Task objective
Given the records underneath, please repeat exactly the lines from the line with "Friendly Photo allows" through the line with "10/21/24 – This", passing over any picture.

+++

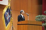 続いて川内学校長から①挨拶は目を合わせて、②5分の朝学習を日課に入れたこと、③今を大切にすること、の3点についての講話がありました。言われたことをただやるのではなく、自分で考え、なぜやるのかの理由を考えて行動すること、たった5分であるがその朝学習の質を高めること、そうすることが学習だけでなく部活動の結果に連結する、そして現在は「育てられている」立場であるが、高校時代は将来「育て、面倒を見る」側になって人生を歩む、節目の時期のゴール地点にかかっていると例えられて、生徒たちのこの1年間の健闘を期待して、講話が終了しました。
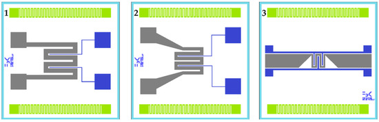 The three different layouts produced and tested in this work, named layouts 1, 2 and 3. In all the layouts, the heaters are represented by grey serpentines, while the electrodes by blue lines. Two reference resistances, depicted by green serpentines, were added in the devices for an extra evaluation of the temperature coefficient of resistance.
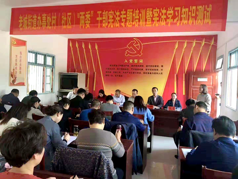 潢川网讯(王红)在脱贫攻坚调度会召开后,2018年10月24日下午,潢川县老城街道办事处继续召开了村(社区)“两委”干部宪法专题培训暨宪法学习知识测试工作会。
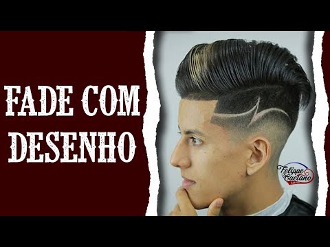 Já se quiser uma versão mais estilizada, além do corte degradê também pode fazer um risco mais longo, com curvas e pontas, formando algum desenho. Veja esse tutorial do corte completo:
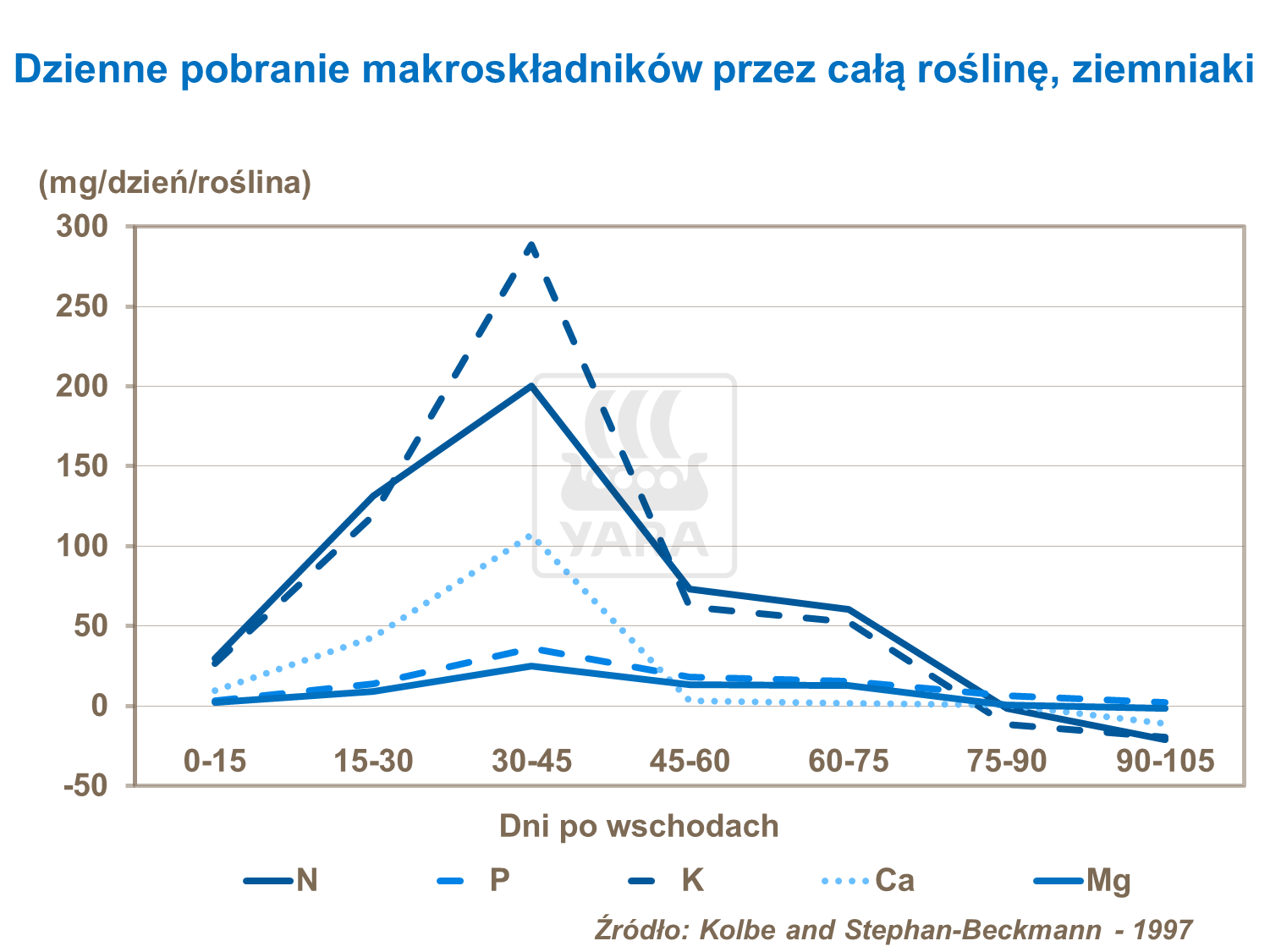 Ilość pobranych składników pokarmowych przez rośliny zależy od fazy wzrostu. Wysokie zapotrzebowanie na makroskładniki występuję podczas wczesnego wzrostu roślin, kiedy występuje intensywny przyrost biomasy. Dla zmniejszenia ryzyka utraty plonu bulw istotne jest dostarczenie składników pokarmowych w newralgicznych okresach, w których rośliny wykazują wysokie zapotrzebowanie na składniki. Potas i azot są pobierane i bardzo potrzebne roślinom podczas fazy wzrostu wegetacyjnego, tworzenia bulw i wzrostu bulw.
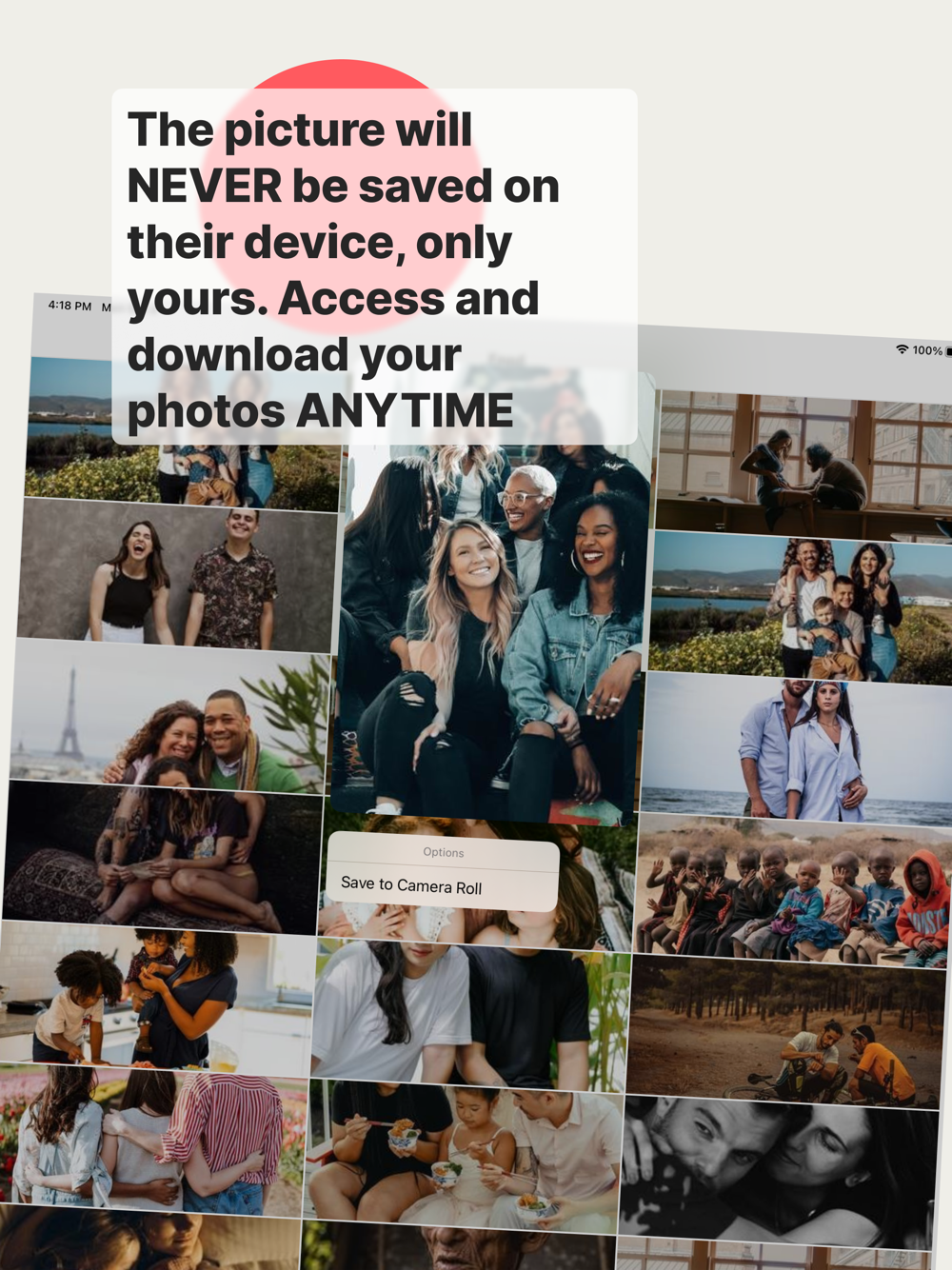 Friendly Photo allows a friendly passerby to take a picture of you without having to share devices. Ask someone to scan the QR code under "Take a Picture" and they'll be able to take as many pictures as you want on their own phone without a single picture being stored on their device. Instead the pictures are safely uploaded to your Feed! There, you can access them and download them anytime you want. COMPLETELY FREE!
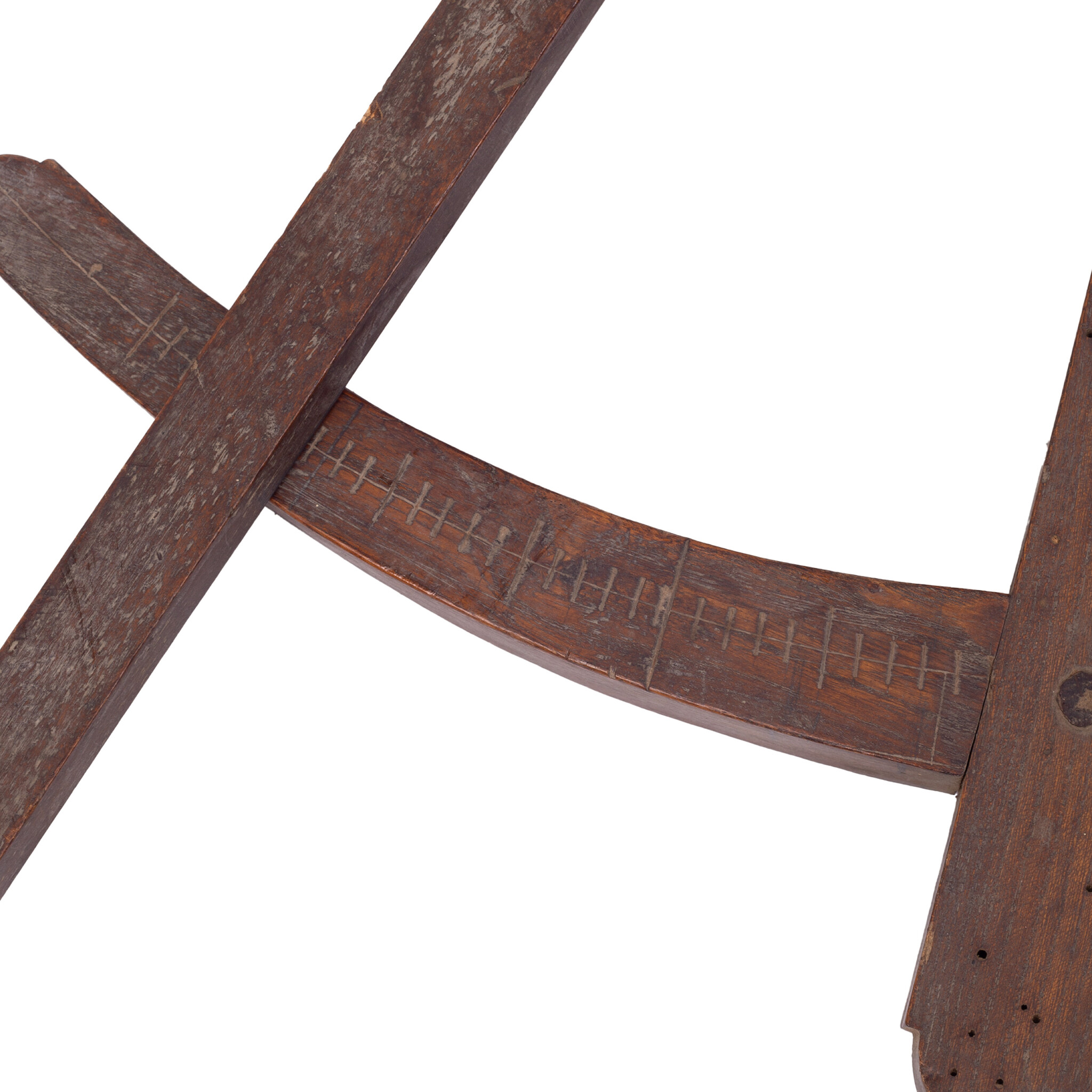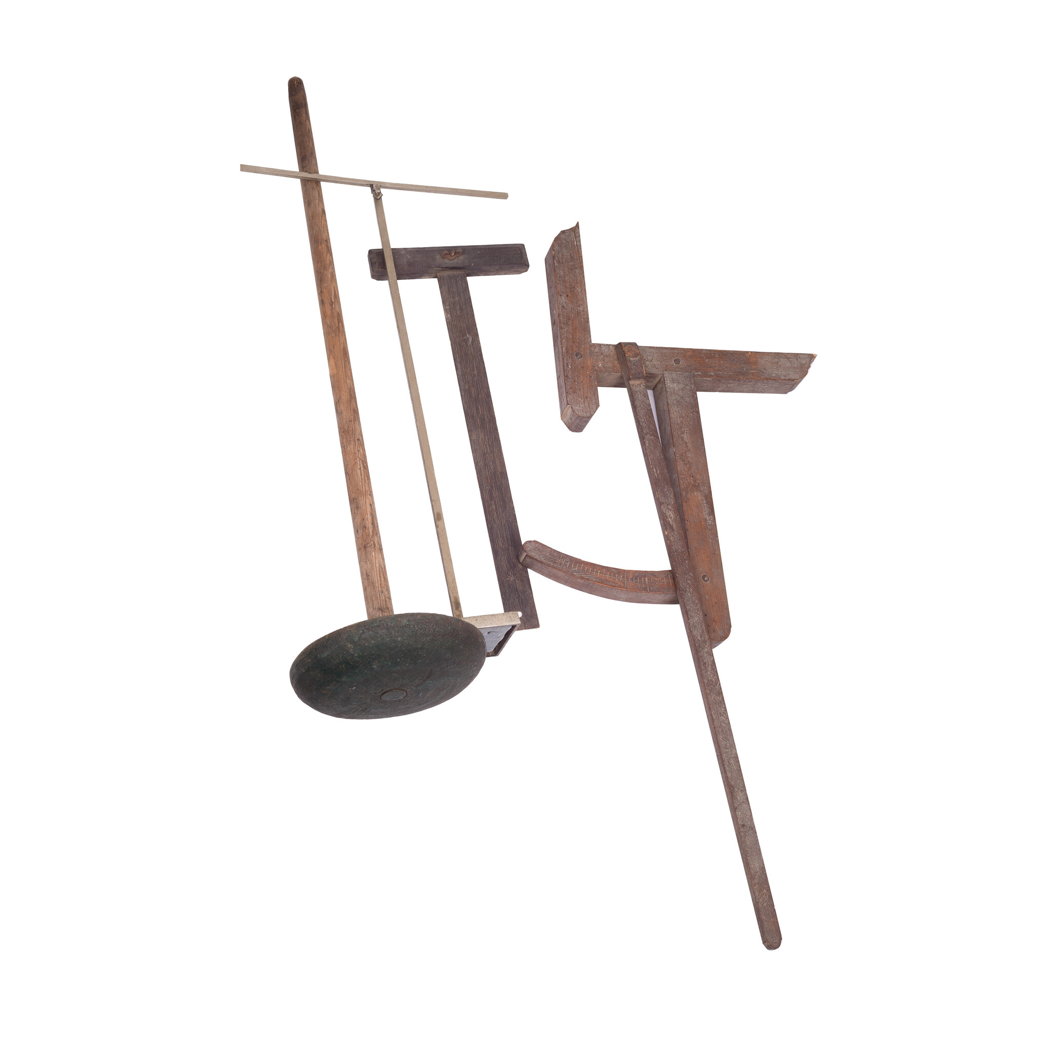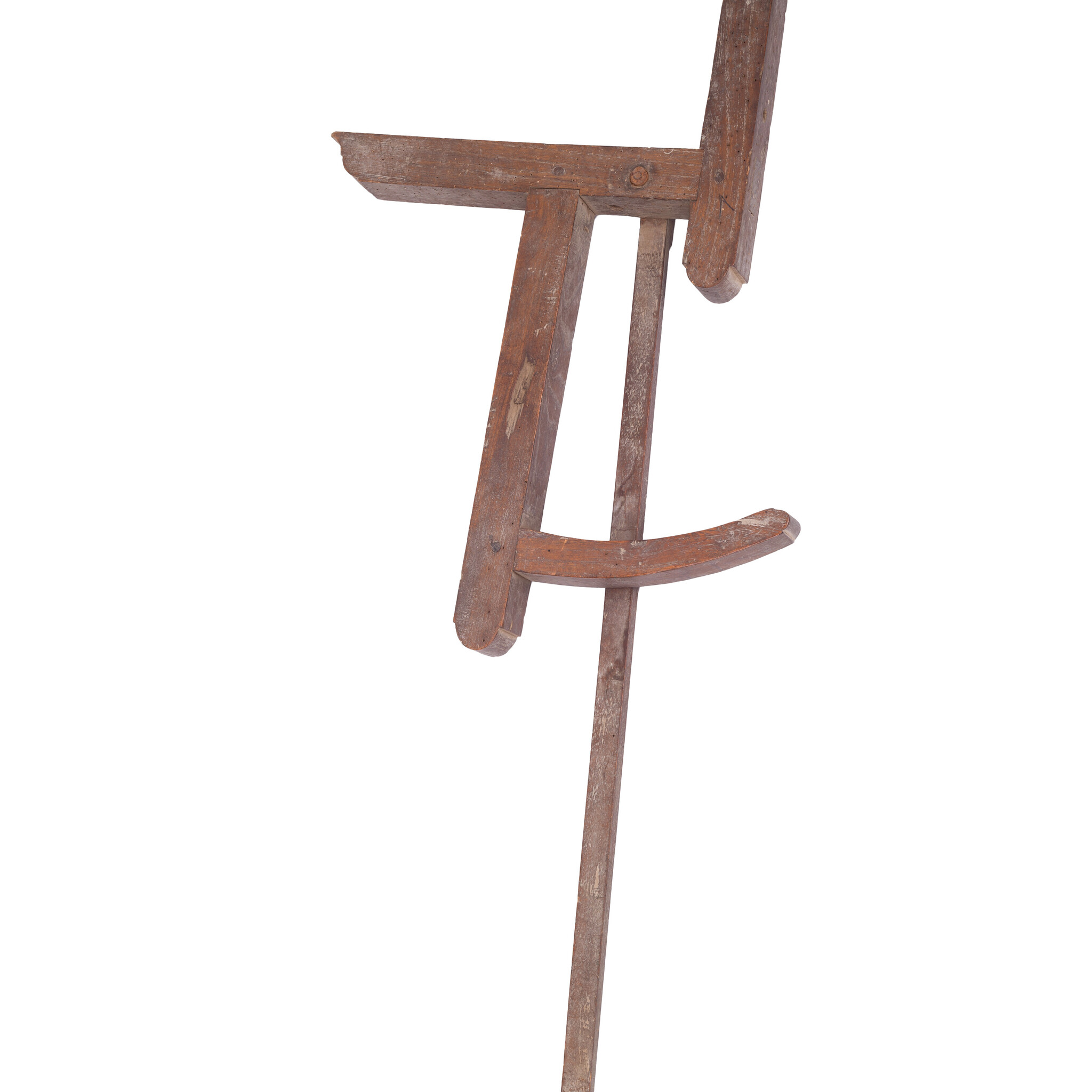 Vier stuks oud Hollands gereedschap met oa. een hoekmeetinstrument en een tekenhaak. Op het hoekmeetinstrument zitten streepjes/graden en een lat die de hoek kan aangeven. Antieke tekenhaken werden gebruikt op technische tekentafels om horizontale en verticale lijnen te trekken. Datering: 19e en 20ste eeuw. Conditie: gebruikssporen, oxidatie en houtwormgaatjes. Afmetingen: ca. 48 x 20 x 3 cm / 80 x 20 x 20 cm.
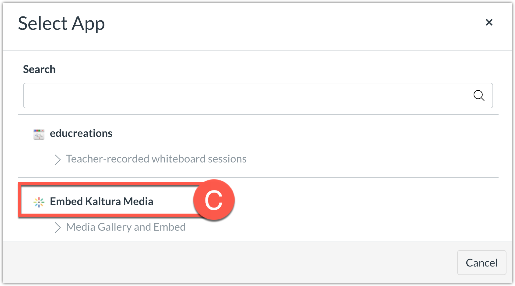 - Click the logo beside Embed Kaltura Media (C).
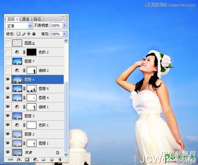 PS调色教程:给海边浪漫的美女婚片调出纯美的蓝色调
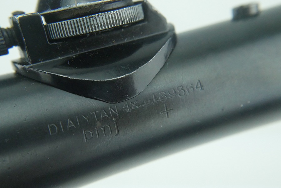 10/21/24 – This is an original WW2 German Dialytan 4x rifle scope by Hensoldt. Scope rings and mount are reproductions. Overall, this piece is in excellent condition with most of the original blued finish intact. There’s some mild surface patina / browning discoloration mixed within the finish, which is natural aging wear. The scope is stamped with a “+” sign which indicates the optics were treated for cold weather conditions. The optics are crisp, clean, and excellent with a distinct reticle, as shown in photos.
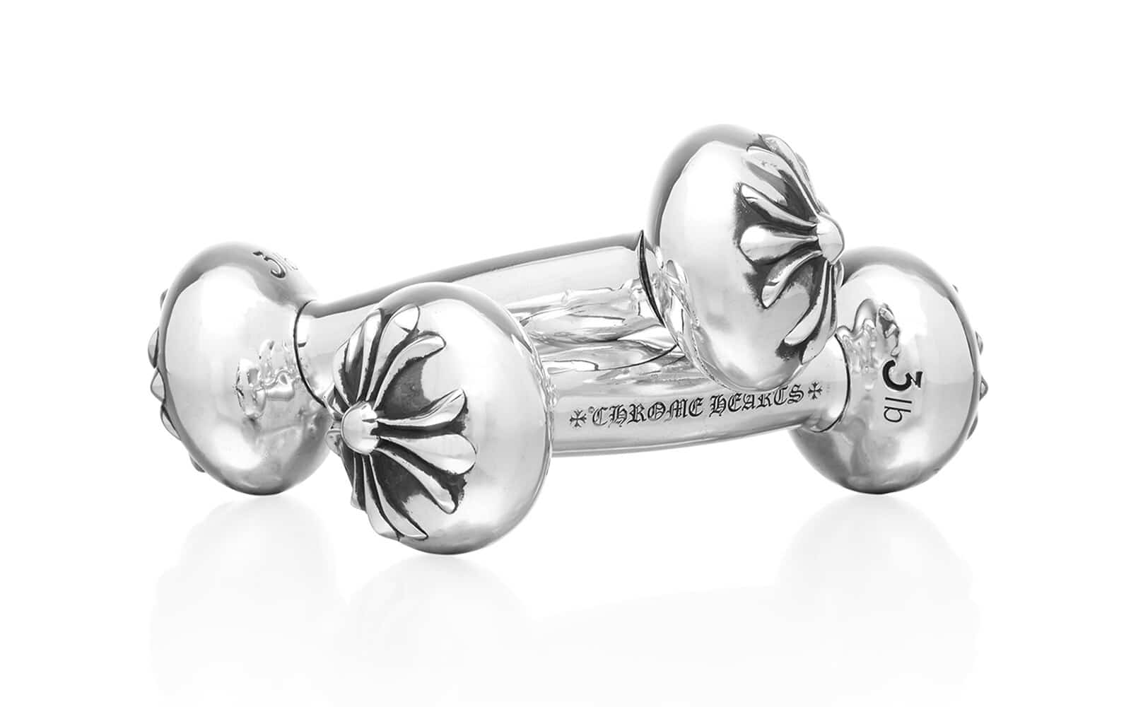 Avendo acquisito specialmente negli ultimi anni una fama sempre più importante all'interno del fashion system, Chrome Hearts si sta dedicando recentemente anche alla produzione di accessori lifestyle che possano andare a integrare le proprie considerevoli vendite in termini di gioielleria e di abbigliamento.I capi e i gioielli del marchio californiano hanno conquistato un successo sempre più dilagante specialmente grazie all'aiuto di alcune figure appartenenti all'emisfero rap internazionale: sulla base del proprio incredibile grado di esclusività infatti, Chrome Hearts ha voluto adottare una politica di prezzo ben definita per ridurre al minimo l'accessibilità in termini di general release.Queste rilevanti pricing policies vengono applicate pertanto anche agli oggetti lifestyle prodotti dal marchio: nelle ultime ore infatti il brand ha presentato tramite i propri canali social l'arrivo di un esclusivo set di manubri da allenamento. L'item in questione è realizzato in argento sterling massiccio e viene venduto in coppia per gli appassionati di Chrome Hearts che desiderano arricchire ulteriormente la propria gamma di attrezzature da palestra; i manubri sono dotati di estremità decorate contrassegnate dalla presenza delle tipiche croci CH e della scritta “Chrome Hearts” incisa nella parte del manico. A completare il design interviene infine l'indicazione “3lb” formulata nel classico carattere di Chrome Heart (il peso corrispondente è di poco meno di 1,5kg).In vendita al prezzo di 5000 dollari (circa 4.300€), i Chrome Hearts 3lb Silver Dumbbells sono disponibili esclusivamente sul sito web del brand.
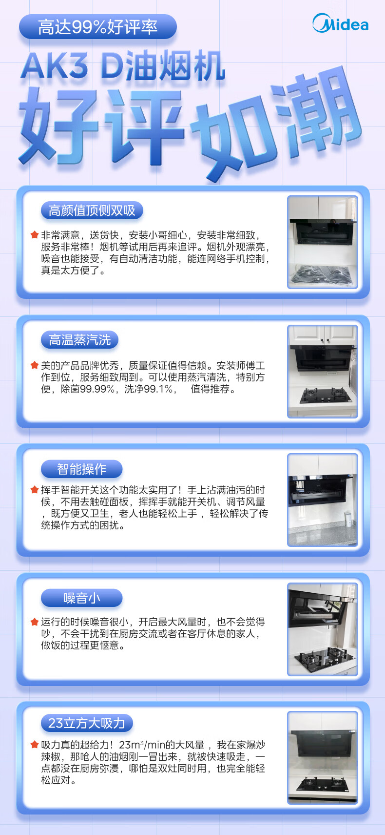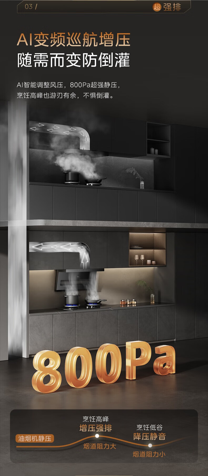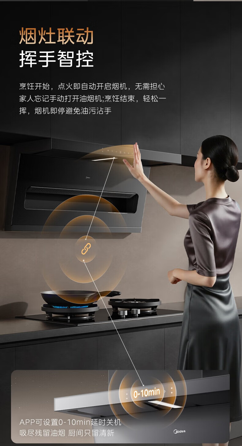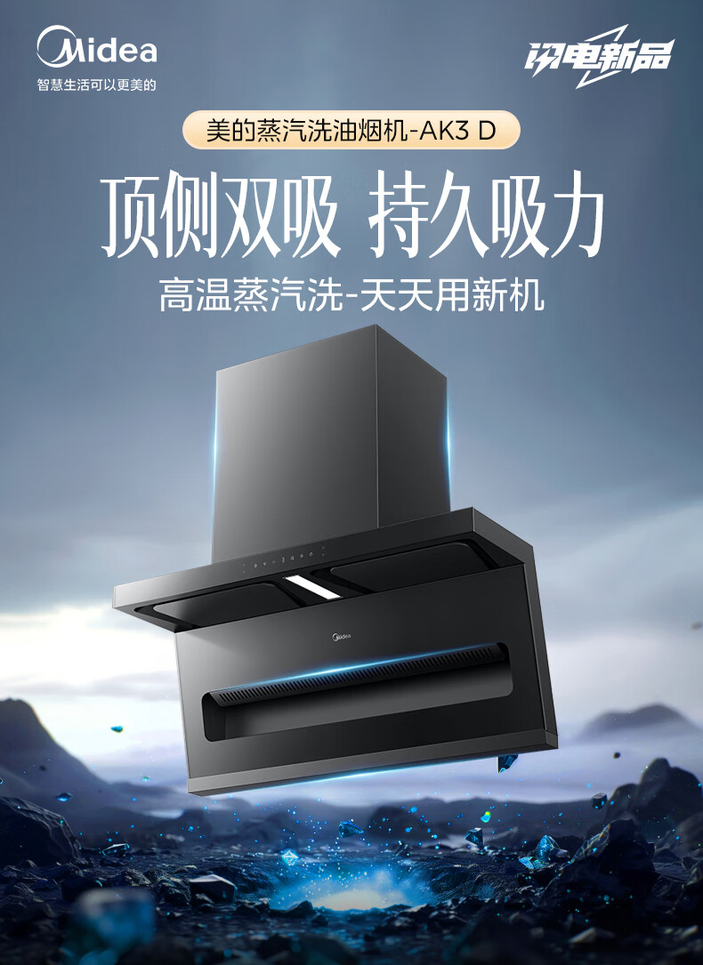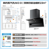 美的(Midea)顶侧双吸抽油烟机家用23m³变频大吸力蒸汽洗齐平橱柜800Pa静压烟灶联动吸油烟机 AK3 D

+++

Result of the exercise
 Friendly Photo allows a friendly passerby to take a picture of you without having to share devices. Ask someone to scan the QR code under "Take a Picture" and they'll be able to take as many pictures as you want on their own phone without a single picture being stored on their device. Instead the pictures are safely uploaded to your Feed! There, you can access them and download them anytime you want. COMPLETELY FREE!
 Vier stuks oud Hollands gereedschap met oa. een hoekmeetinstrument en een tekenhaak. Op het hoekmeetinstrument zitten streepjes/graden en een lat die de hoek kan aangeven. Antieke tekenhaken werden gebruikt op technische tekentafels om horizontale en verticale lijnen te trekken. Datering: 19e en 20ste eeuw. Conditie: gebruikssporen, oxidatie en houtwormgaatjes. Afmetingen: ca. 48 x 20 x 3 cm / 80 x 20 x 20 cm.
 - Click the logo beside Embed Kaltura Media (C).
 PS调色教程:给海边浪漫的美女婚片调出纯美的蓝色调
 10/21/24 – This is an original WW2 German Dialytan 4x rifle scope by Hensoldt. Scope rings and mount are reproductions. Overall, this piece is in excellent condition with most of the original blued finish intact. There’s some mild surface patina / browning discoloration mixed within the finish, which is natural aging wear. The scope is stamped with a “+” sign which indicates the optics were treated for cold weather conditions. The optics are crisp, clean, and excellent with a distinct reticle, as shown in photos.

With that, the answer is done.